Amis parisiens, combien de fois vous êtes-vous dit qu'il serait temps de quitter votre petit 2 pièces au loyer exorbitant pour vous installer dans une jolie maison (ou au moins, un appartement avec terrasse) en périphérie ?
Eva et Charles, la cinquantaine, ont sauté le pas : ils quittent leur appartement parisien pour un petit pavillon dans un lotissement (pardon, un "écoquartier", c'est plus chic) "aux confins de la ville" (c'est la manière attractive de dire "tu vas devoir te taper 45 minutes de RER collé-serré pour avoir le droit de te balader au Forum des Halles").
Là, on pourrait s'attendre à quelque chose d'assez humoristique, les bobos parisiens découvrant les us et coutumes des fameux "banlieusards" dont ils entendent parler sur France Inter mais qu'ils n'ont encore jamais vu en vrai. Une sorte de Voyage en terre inconnue. Mais non, rappelez-vous, on a dit qu'on était dans un écoquartier. Les parisiens y retrouvent donc d'autres parisiens prêts à tout pour passer le cap du compostage, quitte à acheter une maison dont le prix est en inadéquation totale avec la qualité des matériaux, et à vivre collés à ses voisins.
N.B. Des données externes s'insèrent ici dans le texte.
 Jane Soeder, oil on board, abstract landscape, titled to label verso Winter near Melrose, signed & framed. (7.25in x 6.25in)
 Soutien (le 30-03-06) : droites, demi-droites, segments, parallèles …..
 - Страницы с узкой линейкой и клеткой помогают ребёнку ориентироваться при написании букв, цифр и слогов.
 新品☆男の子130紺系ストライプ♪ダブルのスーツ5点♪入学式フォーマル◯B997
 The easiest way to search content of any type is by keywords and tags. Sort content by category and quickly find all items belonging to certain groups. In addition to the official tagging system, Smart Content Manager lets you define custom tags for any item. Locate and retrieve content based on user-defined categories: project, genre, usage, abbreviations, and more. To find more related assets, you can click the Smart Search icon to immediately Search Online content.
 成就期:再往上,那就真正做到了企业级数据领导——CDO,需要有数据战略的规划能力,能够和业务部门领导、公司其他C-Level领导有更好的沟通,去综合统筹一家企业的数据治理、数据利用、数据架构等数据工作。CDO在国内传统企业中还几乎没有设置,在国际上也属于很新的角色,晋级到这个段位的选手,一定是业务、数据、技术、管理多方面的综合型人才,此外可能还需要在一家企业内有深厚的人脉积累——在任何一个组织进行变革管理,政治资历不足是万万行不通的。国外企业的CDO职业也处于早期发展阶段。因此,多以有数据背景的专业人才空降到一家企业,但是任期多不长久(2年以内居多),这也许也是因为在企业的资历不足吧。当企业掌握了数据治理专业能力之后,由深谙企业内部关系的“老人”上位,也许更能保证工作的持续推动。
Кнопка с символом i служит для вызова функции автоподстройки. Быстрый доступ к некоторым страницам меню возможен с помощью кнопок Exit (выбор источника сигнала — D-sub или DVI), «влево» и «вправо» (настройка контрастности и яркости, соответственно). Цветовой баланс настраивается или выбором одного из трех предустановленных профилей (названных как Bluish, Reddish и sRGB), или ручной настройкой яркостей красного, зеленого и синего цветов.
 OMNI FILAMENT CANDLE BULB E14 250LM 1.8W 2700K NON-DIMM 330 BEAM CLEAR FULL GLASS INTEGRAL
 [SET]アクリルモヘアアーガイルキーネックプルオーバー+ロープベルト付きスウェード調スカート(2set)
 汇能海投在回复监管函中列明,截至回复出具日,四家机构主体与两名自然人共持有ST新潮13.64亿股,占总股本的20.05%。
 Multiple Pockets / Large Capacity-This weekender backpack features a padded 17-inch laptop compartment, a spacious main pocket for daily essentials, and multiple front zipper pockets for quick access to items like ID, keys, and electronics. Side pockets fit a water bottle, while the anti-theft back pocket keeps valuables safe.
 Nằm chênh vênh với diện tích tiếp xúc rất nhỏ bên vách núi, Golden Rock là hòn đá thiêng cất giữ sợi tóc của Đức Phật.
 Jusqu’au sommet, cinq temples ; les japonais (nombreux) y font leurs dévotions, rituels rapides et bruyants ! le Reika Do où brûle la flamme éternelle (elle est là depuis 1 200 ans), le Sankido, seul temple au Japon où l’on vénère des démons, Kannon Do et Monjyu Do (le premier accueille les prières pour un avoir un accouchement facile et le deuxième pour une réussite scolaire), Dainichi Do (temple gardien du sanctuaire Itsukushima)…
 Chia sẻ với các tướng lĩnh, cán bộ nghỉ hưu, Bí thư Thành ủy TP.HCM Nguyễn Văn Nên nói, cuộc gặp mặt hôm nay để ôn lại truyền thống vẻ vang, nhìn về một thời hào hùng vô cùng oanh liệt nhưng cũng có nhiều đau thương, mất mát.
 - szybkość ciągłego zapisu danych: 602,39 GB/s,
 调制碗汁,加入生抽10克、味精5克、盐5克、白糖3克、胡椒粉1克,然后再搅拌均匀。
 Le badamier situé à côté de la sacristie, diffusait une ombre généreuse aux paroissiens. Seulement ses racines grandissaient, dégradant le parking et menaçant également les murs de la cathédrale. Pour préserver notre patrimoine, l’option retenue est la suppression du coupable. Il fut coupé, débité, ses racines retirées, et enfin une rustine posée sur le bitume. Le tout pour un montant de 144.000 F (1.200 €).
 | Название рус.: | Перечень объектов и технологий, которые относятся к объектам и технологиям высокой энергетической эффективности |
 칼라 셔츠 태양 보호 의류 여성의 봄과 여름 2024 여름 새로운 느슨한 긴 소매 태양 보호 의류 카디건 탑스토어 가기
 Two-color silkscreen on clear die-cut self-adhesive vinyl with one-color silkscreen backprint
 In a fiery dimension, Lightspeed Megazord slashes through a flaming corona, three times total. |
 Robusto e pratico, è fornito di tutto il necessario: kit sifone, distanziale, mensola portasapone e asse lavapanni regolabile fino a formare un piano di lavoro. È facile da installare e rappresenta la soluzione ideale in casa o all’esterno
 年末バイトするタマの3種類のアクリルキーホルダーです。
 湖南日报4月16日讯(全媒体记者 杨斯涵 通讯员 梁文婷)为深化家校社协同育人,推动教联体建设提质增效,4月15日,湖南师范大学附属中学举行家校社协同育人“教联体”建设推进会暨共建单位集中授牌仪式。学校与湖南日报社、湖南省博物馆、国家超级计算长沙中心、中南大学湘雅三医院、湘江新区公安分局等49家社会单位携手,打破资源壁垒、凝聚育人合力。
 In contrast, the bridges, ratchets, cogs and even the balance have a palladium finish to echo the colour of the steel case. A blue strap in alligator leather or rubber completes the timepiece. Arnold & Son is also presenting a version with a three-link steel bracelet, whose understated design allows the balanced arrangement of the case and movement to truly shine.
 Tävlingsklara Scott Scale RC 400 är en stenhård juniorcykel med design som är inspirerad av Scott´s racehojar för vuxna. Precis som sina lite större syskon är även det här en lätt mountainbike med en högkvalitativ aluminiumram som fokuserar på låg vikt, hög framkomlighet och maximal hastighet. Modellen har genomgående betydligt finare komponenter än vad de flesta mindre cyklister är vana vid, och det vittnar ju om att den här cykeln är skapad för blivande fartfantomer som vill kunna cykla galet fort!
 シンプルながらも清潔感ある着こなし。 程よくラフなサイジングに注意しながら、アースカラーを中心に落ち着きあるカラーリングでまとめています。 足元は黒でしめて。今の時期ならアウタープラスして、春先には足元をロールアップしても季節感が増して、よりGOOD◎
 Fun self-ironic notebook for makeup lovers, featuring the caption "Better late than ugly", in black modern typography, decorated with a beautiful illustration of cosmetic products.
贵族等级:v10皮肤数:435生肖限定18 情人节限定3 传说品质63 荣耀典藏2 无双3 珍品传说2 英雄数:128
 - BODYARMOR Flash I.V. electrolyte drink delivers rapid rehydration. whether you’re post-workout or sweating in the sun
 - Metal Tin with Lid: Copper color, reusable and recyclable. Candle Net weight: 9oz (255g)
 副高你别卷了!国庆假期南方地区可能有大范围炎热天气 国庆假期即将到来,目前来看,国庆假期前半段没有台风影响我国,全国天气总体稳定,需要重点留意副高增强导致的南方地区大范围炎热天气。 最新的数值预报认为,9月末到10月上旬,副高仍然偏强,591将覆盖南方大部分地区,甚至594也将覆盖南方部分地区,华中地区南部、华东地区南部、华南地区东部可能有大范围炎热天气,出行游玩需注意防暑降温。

Car ce seront eux, les voisins, qui transformeront le rêve de Charles et Eva en cauchemar. A tel point qu'ils envisageront de revendre leur pavillon. Mais comment "bien" revendre (entendons par là : "comment revendre sans perdre d'argent") une maison achetée trop cher, à l'isolation défaillante, et dans un écoquartier ne tenant pas ses promesses ?
L'écriture de
Julia Deck est directe, précise, incisive, teintée d'ironie. Les petites mesquineries et l'individualisme de cette classe moyenne supérieure affichant de belles valeurs de solidarité et de fraternité sont pointés du doigt. L'extrait suivant l'illustre parfaitement :
"Les Lecoq s'étaient rapprochés des Durand-Dubreuil. Ils s'invitaient pour des apéritifs, on sentait qu'une alliance n'allait pas tarder à se former. Voguant vers les quarante ans, Inès conjuguait famille nombreuse et dynamique modernité. du matin au soir, elle s'ingéniait à réinventer les goûters d'anniversaire, la chandeleur, et toutes les occasions qui lui permettaient d'exhiber ses talents d'hôtesse. Lorsqu'elle était invitée, elle apportait toujours une bricole en provenance d'une "boutique géniale dans le Marais". Et, si la soirée devait se prolonger, elle faisait appel à la petite Benami pour garder sa progéniture, en n'oubliant jamais de lui confier du repassage afin de ne pas la payer à rien faire quand les enfants seraient au lit."
La satire sociale dérive, dans les 50 dernières pages, vers un pseudo-thriller sans queue ni tête, n'aboutissant à rien. Dommage, mais il est vrai que nous commencions un peu à tourner en rond dans les histoires de voisinage.